Сколько бы потом себя ни спрашивал Кир, но так и не смог объяснить. Почему он решил тогда мгновенно и безапелляционно, что это Катя. Но рванул за ней бегом. А дальше шел следом и пытался рассуждать здраво. Рост - да, нужный. Блондинка? Блондинка. Толстая коса пшеничного цвета до середины спины в бежевом коротком плаще - июнь пока не слишком радует теплом. Темно-синие джинсы, серые кроссовки. Весь облик девушки говорит о том, что внимание она к себе не стремится привлекать. Но привлекает. Его, Кира, - точно. Идет следом как привязанный. А если это не она? И пока он тут топает за неизвестной девушкой, настоящая Катя уже ушла?
Надо спросить. Окликнуть. Но он идет, как привязанный, не сводя взгляда с толстой косы пшеничного цвета.
Оглянись. Оглянись, а? Неужели ты не чувствуешь, что за тобой идут? Идут близко, почти за спиной. Неужели ты не чувствуешь, что я почти дышу тебе в затылок?
Она не чувствовала. Шла, не торопясь, опустив голову и, кажется, о чем-то глубоко задумавшись. Даже наушников - почти неизменного атрибута современного человека - не было.
И Кирилл решился. Подошел совсем близко, так, что носа достиг запах. Земляника. Откуда тут земляника?
- Катя...
Девушка резко остановилась, так, что Кир едва не врезался в нее. Замерла. А потом так же резко обернулась.
И Кир пропал.
Та актриса, которую показывал тогда Аркаша, казалось бледной тенью на фоне Кати. Глаза у нее нереальные. Огромные, голубые. Да и все лицо...
Кирилл стоял, не в силах сказать ни слова. В голове билась только одна мысль.
Неужели с этой невероятно, ослепительно красивой девушкой я был близок?!
*
Ей в первую секунду показалось, что показалось. Что голос, тихо произнесший ее имя, тот самый голос, что так часто она вспоминала и даже слышала во сне - что он ей слышится уже наяву, но в мечтах. А потом Катерина резко обернулась.
Он.
Кирилл.
Поняла это сразу.
Жадно вглядывалась. Глаза. Глаза у него невероятные. Словно осеннее небо сквозь пелену готовых пролиться дождем туч. Немного холодные, чуточку грустные.

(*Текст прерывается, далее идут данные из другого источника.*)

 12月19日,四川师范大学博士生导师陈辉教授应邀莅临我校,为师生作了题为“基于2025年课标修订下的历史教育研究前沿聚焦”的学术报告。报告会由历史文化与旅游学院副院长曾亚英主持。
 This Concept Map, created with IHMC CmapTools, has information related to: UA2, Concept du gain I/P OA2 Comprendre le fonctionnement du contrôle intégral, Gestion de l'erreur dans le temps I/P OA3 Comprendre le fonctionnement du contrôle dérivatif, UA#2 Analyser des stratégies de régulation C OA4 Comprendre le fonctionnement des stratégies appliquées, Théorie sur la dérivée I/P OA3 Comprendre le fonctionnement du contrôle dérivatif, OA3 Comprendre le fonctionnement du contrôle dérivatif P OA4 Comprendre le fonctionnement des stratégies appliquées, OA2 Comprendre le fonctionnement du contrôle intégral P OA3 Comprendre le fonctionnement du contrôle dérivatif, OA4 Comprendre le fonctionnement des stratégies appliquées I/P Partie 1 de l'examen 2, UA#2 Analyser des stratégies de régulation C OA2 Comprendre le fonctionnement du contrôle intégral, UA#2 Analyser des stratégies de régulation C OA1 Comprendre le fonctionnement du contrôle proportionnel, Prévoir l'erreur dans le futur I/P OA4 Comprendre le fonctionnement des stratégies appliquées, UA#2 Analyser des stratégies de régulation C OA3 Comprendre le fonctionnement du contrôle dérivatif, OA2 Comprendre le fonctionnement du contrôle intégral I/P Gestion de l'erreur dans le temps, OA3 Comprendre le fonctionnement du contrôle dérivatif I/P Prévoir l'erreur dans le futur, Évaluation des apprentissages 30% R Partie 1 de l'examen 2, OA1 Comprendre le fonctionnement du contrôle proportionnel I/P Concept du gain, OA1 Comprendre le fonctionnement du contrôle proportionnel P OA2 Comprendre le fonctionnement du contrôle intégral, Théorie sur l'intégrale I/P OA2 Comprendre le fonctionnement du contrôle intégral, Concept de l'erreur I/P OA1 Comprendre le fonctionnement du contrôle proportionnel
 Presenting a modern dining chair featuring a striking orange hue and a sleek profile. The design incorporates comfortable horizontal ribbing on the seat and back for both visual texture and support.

С трудом заставила себя отвести взгляд от глаз. Русый. Немножко лохматый. Уши... совсем капельку торчат, что ж ты врал? Высокий, и не производит впечатление тощего. От фигуры ощущение стремительности и гибкости. Как гепард, готовый в любую секунду сорваться с места
Они смотрели друг на друга и молчали. Это длилось.... Наверное, долго. И молчание первым нарушил он.

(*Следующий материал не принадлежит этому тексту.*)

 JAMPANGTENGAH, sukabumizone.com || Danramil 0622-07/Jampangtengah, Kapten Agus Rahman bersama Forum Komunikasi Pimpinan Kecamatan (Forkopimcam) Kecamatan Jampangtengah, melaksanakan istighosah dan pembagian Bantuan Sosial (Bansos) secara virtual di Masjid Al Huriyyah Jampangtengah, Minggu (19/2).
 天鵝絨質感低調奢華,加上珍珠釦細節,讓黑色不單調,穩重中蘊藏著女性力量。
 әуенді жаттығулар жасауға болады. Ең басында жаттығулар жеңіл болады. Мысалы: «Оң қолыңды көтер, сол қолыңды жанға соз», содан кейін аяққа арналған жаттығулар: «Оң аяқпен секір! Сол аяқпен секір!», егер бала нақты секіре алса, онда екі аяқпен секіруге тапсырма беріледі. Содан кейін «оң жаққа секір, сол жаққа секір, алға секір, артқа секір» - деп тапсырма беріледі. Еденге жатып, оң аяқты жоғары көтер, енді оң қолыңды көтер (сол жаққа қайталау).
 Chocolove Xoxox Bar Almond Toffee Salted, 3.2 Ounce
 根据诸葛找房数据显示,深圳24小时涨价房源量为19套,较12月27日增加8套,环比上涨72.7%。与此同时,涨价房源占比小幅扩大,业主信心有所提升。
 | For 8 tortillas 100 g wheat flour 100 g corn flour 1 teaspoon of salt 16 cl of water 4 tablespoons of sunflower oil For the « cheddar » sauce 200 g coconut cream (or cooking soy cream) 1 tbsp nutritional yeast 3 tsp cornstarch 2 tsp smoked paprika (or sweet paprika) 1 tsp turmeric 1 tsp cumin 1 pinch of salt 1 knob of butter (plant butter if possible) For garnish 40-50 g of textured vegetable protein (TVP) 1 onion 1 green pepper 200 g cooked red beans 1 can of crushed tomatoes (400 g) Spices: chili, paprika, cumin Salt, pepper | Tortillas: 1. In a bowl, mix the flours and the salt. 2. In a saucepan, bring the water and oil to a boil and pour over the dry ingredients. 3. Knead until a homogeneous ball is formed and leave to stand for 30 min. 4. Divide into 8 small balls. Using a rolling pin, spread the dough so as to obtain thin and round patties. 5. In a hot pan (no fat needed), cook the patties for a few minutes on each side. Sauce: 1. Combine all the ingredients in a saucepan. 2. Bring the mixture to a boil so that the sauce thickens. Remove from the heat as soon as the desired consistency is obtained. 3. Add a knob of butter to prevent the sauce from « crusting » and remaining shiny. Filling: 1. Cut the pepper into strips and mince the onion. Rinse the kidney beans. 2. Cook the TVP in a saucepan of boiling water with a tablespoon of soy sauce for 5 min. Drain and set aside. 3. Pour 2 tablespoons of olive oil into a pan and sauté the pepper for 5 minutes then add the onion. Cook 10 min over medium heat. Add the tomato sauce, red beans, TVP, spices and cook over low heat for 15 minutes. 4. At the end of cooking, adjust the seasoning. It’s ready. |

- Я... - Кир прокашлялся. - Я рад, что с тобой... все в порядке.
Магия глаз цвета осеннего неба отпускала медленно и неохотно. Но кое-что важное Катя поняла почти сразу. Выдохнула шумно.
- Папа? - и, скорее не вопросительно, а утвердительно уже. - Конечно папа, кто же еще!
- Да, - Кирилл говорил все там же, так запомнившимся, так гипнотически действовавшим на нее спокойным голосом. - Я разговаривал с Дмитрием Ивановичем.
- Мой отец очень любит вмешиваться во все! - Катя поняла, что сердится по тому, как громко, в отличие от Кира, звучал ее голос. Но как тут не сердиться?! - Он всегда и во все вмешивается! Даже в то, во что ему вмешиваться категорически нельзя!
- Кать... - она почувствовала, как ее локтя коснулась его рука. И остро вдруг захотелось, чтобы обнял. Как там. - Давай сядем и поговорим.
Они сели. Скамейка, аллея. Готовая мизансцена. Откуда вот только?
- Ты извини моего отца, пожалуйста, - Катя нервно сцепила руки на колене. Смотреть на Кира она не могла. Слишком велико искушение кинуться ему на шею. Совершенно непоследовательно. - Он искренне считает, что делает как лучше.
8.2
Кир молчал. Он боялся смотреть на Катю. Ее лицо, вся фигура, вся она - напрочь лишала его способности соображать. А ведь он собирался. Он же готовился... Он же даже слова сочинил...
- Кать... - вздохнул так, что закололо в боку. - Я так понимаю, нам все равно есть что обсудить.
Катя обхватила себя руками. Изображать гордость и неприступность смысла нет. И сил нет.
- Да, - ответила тихо. И более не нашла, что добавить. Разглядывала нитку из шва на кроссовке.
- Слушай... - еще один глубокий вздох. - Если так получилось, что... у нас будет ... ребенок... то я... - хреново он подготовился, слова не идут вообще! Хочется просто припасть губами к пшеничной макушке, обхватить девичий стан руками и ничего... ничего!.. ничего-ничего... вообще ничего не говорить! - В общем, я хочу, чтобы все было правильно.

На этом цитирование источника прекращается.